Maddock Films claims that 'Pardesiya' has had over 4,00,000 streams on Spotify and over 15 million views on Instagram. There is a good chance people are listening to it over and over again to figure out where they have heard it before. I did. A Sachin-Jigar composition with lyrics by Amitabh Bhattacharya, the song was perhaps attempting to break away from the beat-heavy-repetitive-lyrics-wrapped-in-the-most-conspicuous music ever that Bollywood has been serving for at least a decade now, but 'Pardesiya' has Rahman (and visually, Chennai Express) written all over it. Only that it's a knock off.
This is obviously not the first instance of misplaced inspiration in the history of Bollywood music. It is well known that some of its classics are copies. Maine Pyar Kiya's 'Aate jaate hanste gaate' (Stevie Wonder's 'I Just Called to Say I Love You') or Jurm's 'Jab koi baat bigad jaye' ('500 Miles') or Gangster's 'Bheegi Bheegi', which is a Hindi rip-off of 'Prithibi ta naki' by the 70s' Bengali cult band Moheener Ghoraguli. But that was a different time. Finding the originals, in English or regional Indian languages, wasn't that easy, and even if one did, there wasn't social media to call it out. Composers could get away with it. Not anymore. With both the world and its music at your fingertips, it takes less than a minute to trace a song back to its original. Saif Ali Khan's Agent Vinod had 'I will do the talking' that conveniently slipped in portions from the 1970s disco favourite 'Rasputin' by Boney M. 'Pardesiya' simply reiterates Bollywood's laziness. Bollywood no longer wants to make the effort to even look beyond its own country. It is just a petty neighbourhood thief piggybacking on its former glory.

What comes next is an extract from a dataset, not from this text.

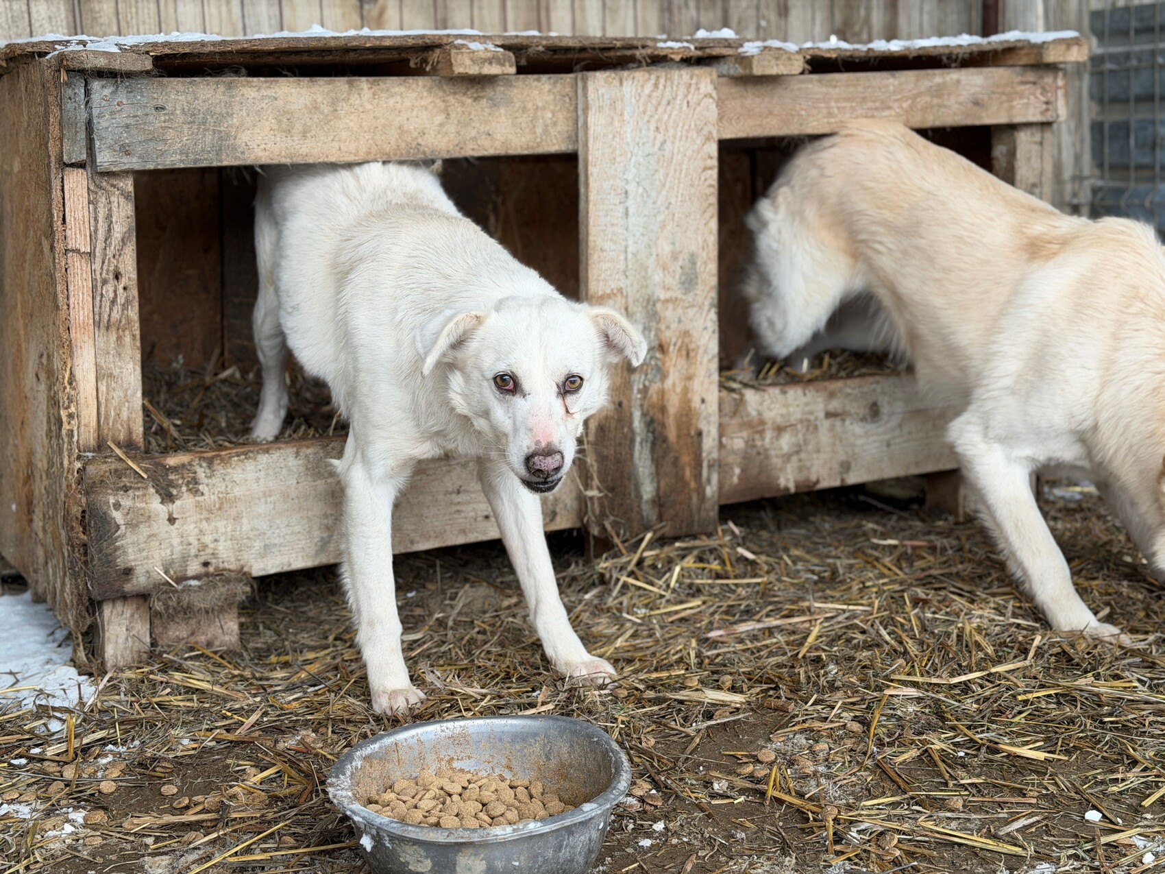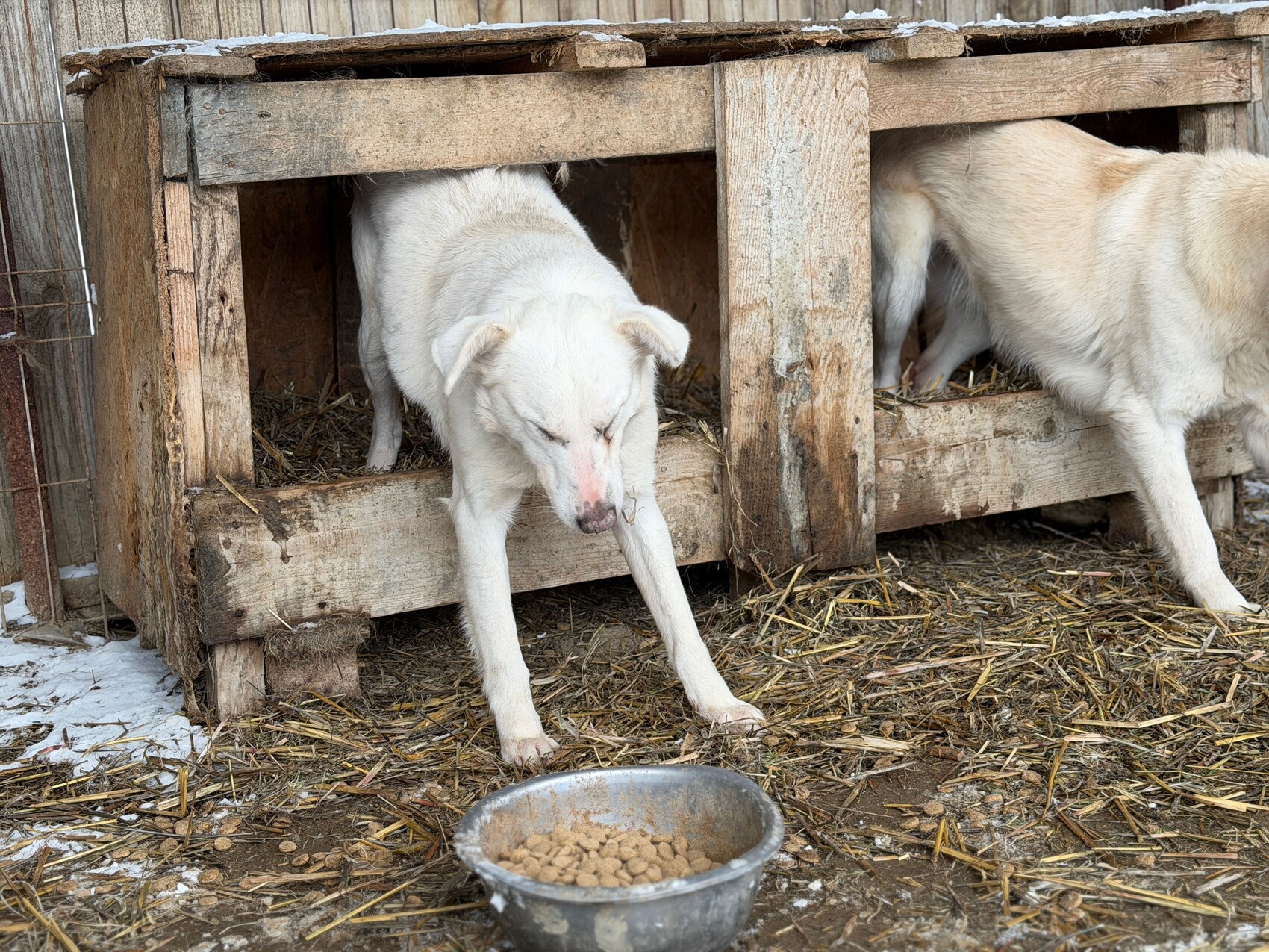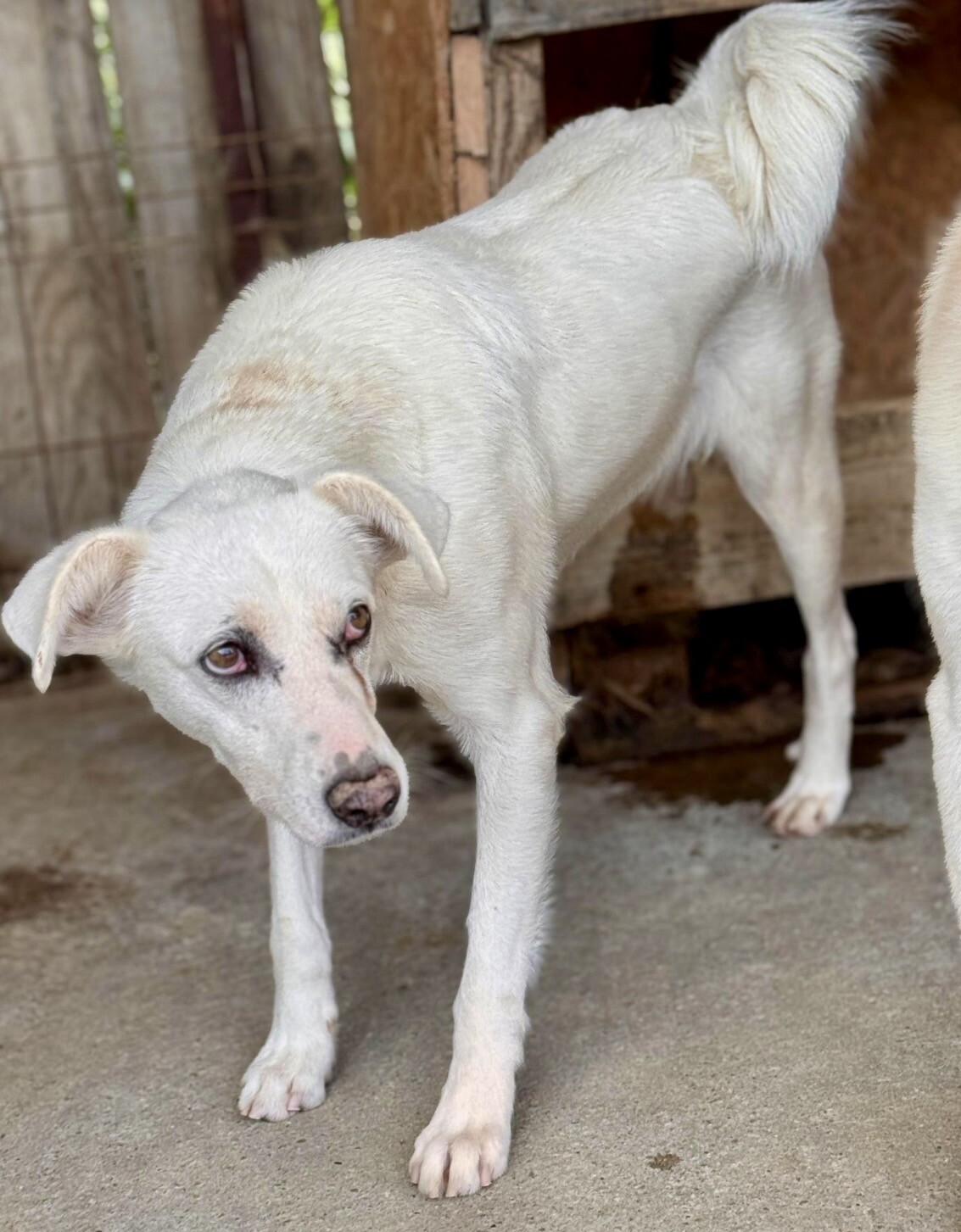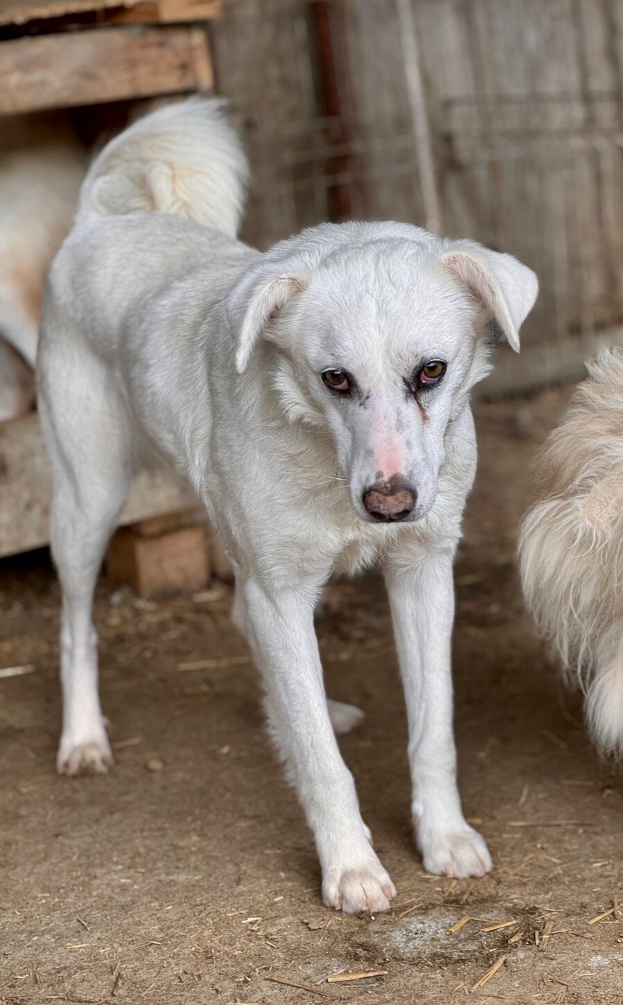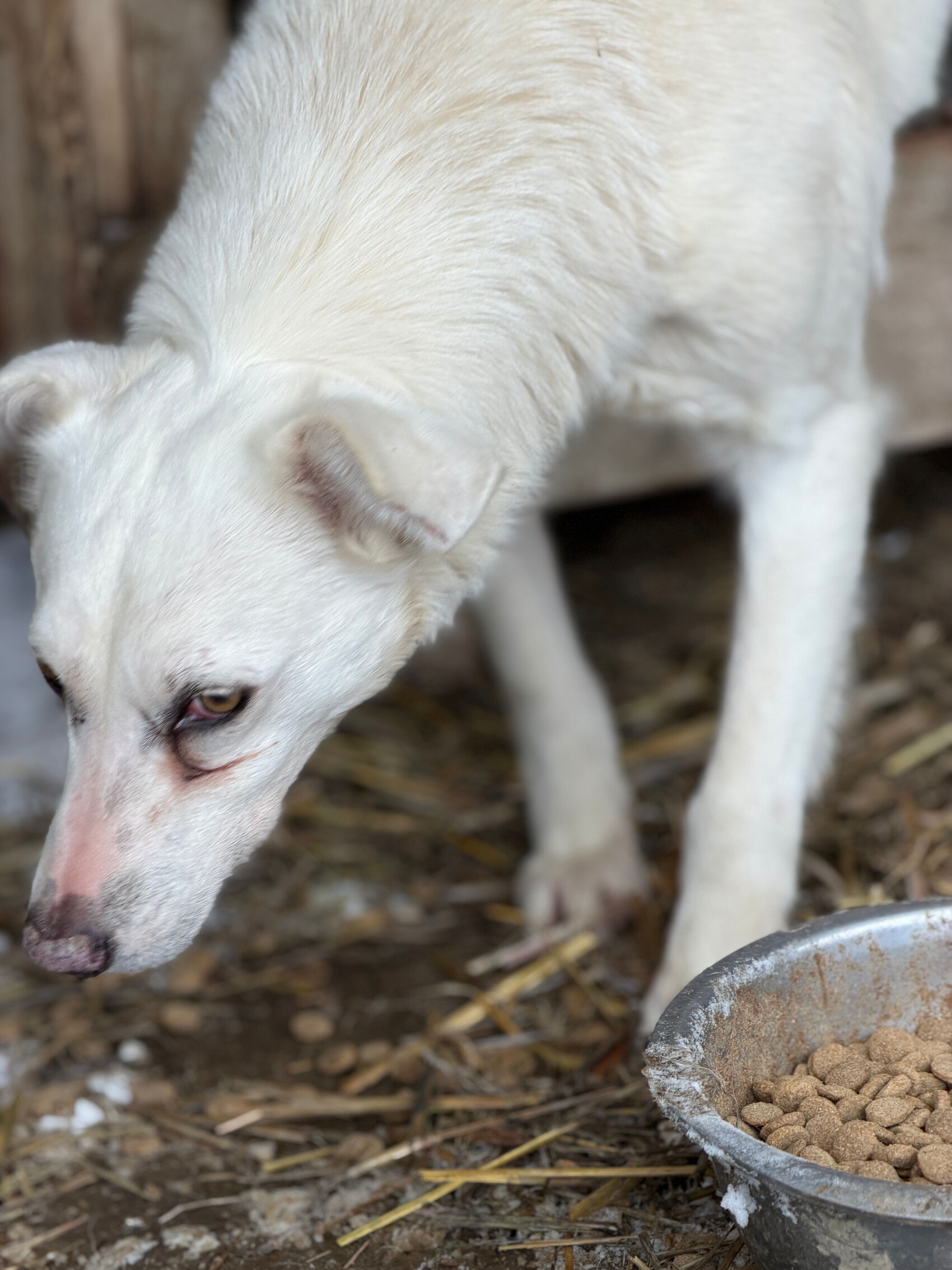 Snow, geboren 2017 und etwa 60–65 cm groß, ist ein verträglicher, unsicherer, aber neugieriger Rüde, der in seinem Wesen viel Sanftheit trägt. Viele Jahre lebte er harmonisch in einer gemischten Vierergruppe – ein Zeichen dafür, wie sozial und friedlich er mit anderen Hunden umgeht. Er ist keiner, der Streit sucht, sondern einer, der Ruhe liebt und sich an klaren Strukturen orientiert.

If it is all about playing to the Insta gallery and nothing supersedes the 'numbers', then there's enough proof that these new distortions are getting a strong enough pushback. Look at the number of pages on Instagram dedicated to finding and promoting good Bollywood songs. Amid the cacophony of rehashed music, pages like There's Gems of Bollywood (142k followers), Love for Music (96.1k followers), Nostalgic Ghar (266k followers) among others, are posting and sharing forgotten and cherished gems that the Hindi music industry produced in its heyday.
There was a time when the audience would seek out great art — music or films — to refine their tastes. Composers would make fresh, unique music and the audience was expected to rise up to a level to be able to appreciate it. Today, musicians bend over backwards to get social media numbers, even if it means regurgitating a different version of a tune that has proven successful in the past. With every new song, you wonder, 'where have I heard this before?'
It is disheartening that the likes of Sachin-Jigar ('Saibo', 'Sun saathiya', 'Apna bana le', 'Mileya, mileya'), Bhattacharya ('Sawaar loon', 'Iktara') and Nigam, who have, at one point, given us truly good, fresh music, are too falling into the number-game trap.
But at least there's Spotify and Youtube. We can always rewind to their good old days.